L'horloger, orfèvre du temps

 

Ce n'est que depuis le XIVe siècle que le mot a pris sa place dans la langue française. Le métier, lui, est connu depuis l'Antiquité romaine.

Au IIIe millénaire avant J.-C., il semble que le premier à avoir mesuré l'heure soit l'empereur chinois Hoang-Ti. Et ce, à l'aide d'une horloge à eau. Les Egyptiens connaissaient aussi cette dernière, ainsi que les Grecs, puis les Romains. Aucun ne nous a toutefois laissé le nom d'un seul de ses créateurs. Il semble également que les Gaulois l'utilisent avant même que les Romains n'entrent en Gaule. Du moins Jules César s'étonne-t-il de la rencontrer dans ces terres barbares.

Le premier horloger de métier vraiment nommé est le automatarius clepsydrarius romain, le fabricant d'horloges à eau, la clepsydre, désignant le récipient inférieur de cette horloge. Quant au terme horloge, qui apparaît en français au cours du XIIe siècle, il est issu du grec, hôrologion signifiant « ce qui dit l'heure ». Il désigne à l'origine aussi bien les horloges à eau, à noria ou à bougies que les cadrans solaires avant de se restreindre exclusivement à l'instrument mécanique. L'horlogeur et l'horloger apparaissent dans la langue au cours du XIVe siècle.

Horloge à eau, la clepsydre n'en est pas moins un instrument très précis, d'une grande complexité qui, non contente de réguler les différentes divisions du jour et de la nuit, peut également marquer la date, comme la course du soleil et des astres ou les heures des marées. Du moins pour les plus perfectionnées d'entre elles, et ce, dès le Moyen Age en Occident.

On connaît par les écrits, celle que le calife Haroun al-Rachid offrit en 807 à Charlemagne, « horloge en laiton, admirablement composée par l'art mécanique », agrémentée d'automates. Ou celle, beaucoup plus ancienne, réalisée pour Gondebaud de Bourgogne au Ve siècle. Elle aussi marquait le cours des astres.

Des horloges à eau, simples, règlent la vie monacale tout au long du Moyen Age sans souci de marquer des heures égales, découpant le jour et la nuit en phases inégales en fonction des saisons et de la longueur du jour. Elles rythment le quotidien des moines appelés à la prière par le préposé à la sonnerie et à la surveillance du bon fonctionnement de la clepsydre - avant que ne soit généralisée une sonnerie automatique liée au jeu de l'eau. D'après certains récits, il semble bien qu'à Byzance, les horloges à eau de prestige aient sonné les heures.

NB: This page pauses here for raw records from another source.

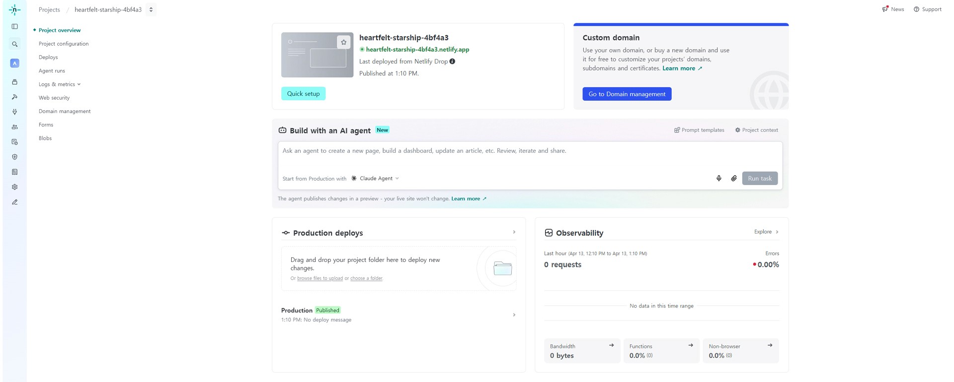Click the red [Delete site] button, type in the site name one more time to confirm, and it will be permanently deleted from the internet! (๐ก Note: If you deployed simply by dragging and dropping without signing up/logging in, rest assured that it will automatically self-destruct (delete) after a certain period of time.)
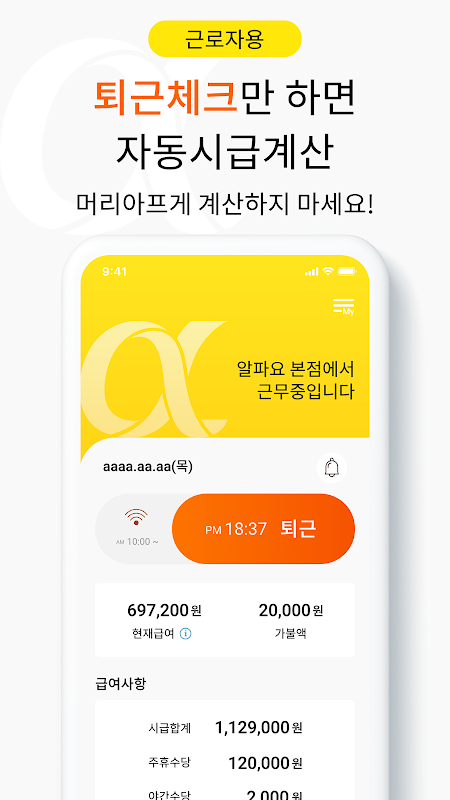 알파요 - 알바 퇴근즉시 시급확인, 명세서, 근로계약서 4.0.4
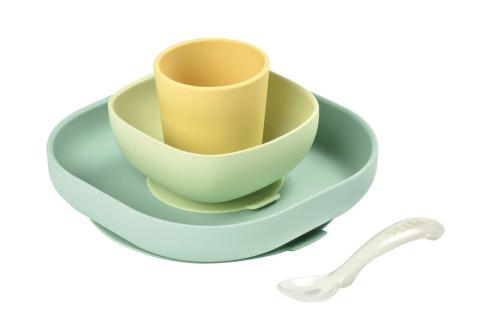 Coffret repas silicone composé d’une assiette et d’un bol avec ventouse, d’un verre et d’une cuillère 2ème âge silicone
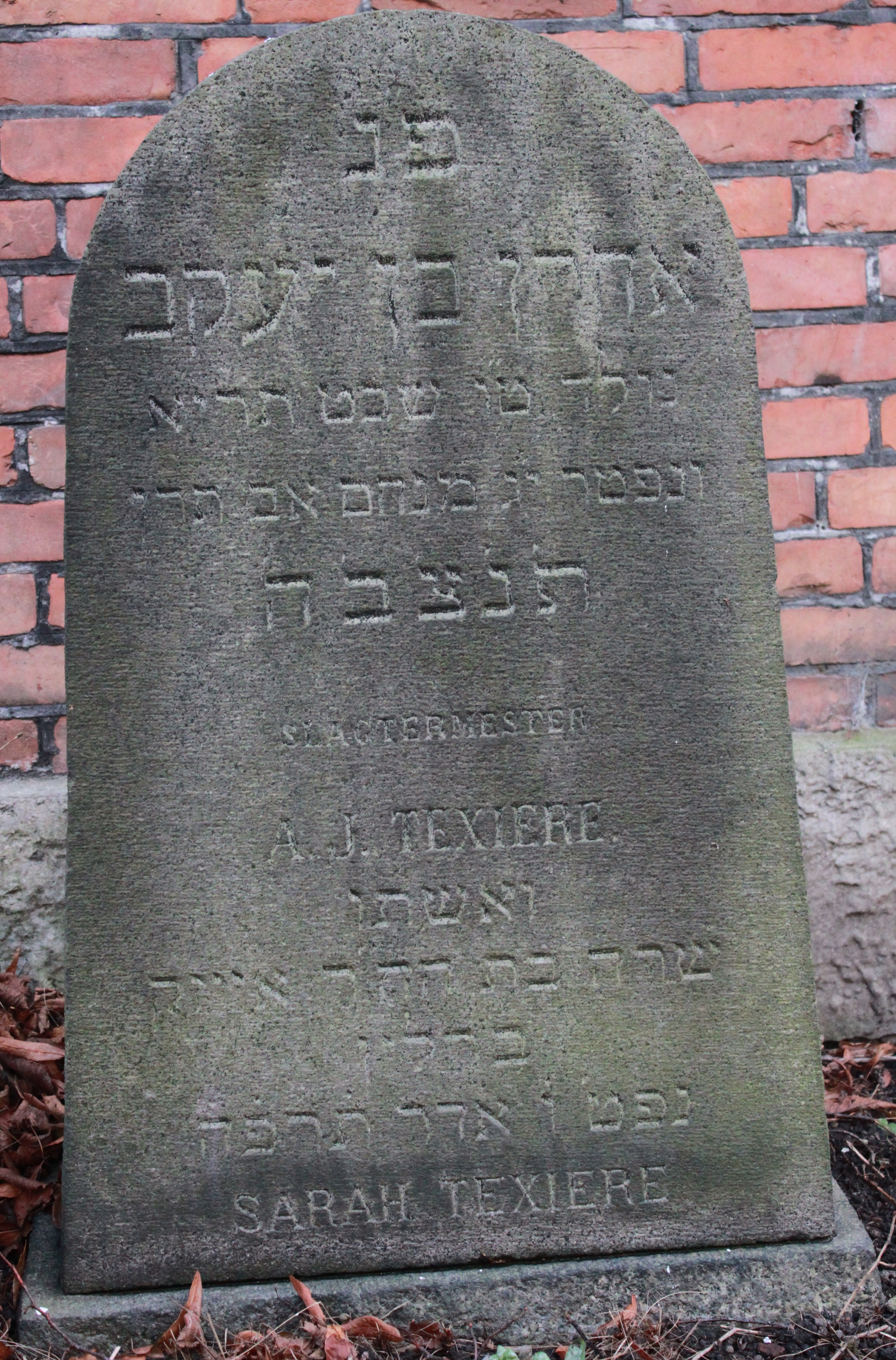 | Person: TEXIERE, Adolf Jacob slagtermester, Begravelsesdato: 1890,29.7 Begravelsesplads: Møllegade (Kbh.) MB-66 identificeret sten- se nabobegravelserne i rækken *) Note: Fælles sten med ægtefælle Krydsreferencer: Dansk-Jødisk Genealogisk Database (kræver SDJH-medlemskab) |

L'invention de l'horloge mécanique est généralement attribuée au pape Sylvestre II (938-1003), grand savant de son temps, expert en logique, en grammaire, en rhétorique, en dialectique, en algèbre, en géométrie, en astronomie et en musique. On parle également d'un certain Pacifius, archidiacre de Vérone qui vécut au début du IXe siècle. Mais rien ne nous renseigne sur le découvreur de l'innovation technique primordiale qu'est l'échappement. Il est vraisemblablement le résultat d'une évolution des sonneries existant dans les monastères et, à ce titre, mis au point dans l'un d'entre eux. A contrario , certains chercheurs y voient une invention chinoise ancienne peut-être arrivée en Europe occidentale par l'entremise des Arabes.

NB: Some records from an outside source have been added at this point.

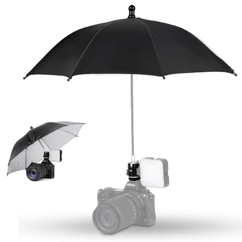 Kameraparly varm sko med 360° rotation bollhuvud och sidosko, bärbara väderbeständiga fotografiska paraplyer skyddar videokamera från regn snö solljus, levereras med vattentät dragskopåse
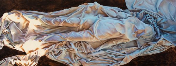 Aaron Nagel’s painting, "Collision," presents a mesmerizing arrangement of draped fabric. The eye is immediately drawn to the contrasting cool blues and warm golds that play across the folds, creating a dynamic push and pull. The artist's meticulous attention to the way light reflects off the material gives the fabric a palpable sense of depth. This isn’t merely a study in realism; the composition seems to delve into broader ideas about form and fluidity. The way Nagel captures the material, almost as if it’s in motion, evokes the way cloth has been used in the history of art to conceal or reveal aspects of the human form. The fabric's interaction with light and shadow becomes a metaphor for the constant changes we experience. The fluid, almost liquid appearance of the fabric suggests a kind of existential flux, making us consider how surfaces can distort and transform our perceptions. This invites endless interpretations, making the artwork a source of contemplation and intrigue.
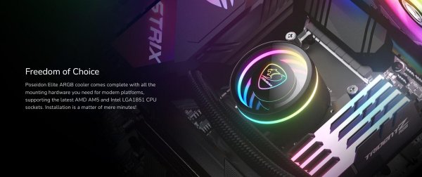 Poseidon Elite ARGB cooler comes complete with all the mounting hardware you need for modern platforms, supporting the latest AMD and Intel CPU sockets. Installation is a matter of mere minutes!

Le premier grand horloger européen recensé est un sacristain rhénan du début du XIIIe siècle, Hermann Josef. En France, on relève un Jehan « ologier » en 1292 à Paris. Mais d'après les registres d'impôts ou actes des tribunaux, les fabricants d'horloges sont souvent désignés comme des forgerons, des orfèvres, voire des armuriers. Ce qui n'empêche pas le métier de se développer. On connaît un orologium regis oeuvrant pour la cour de France dès la fin du XIIIe siècle et, par la suite, un « varlet de chambre et ollogeur au Louvre », notamment Girard de Juvigny dans la toute première moitié du XIVe siècle. A Avignon, le pape entretient un magister horologiorum papae .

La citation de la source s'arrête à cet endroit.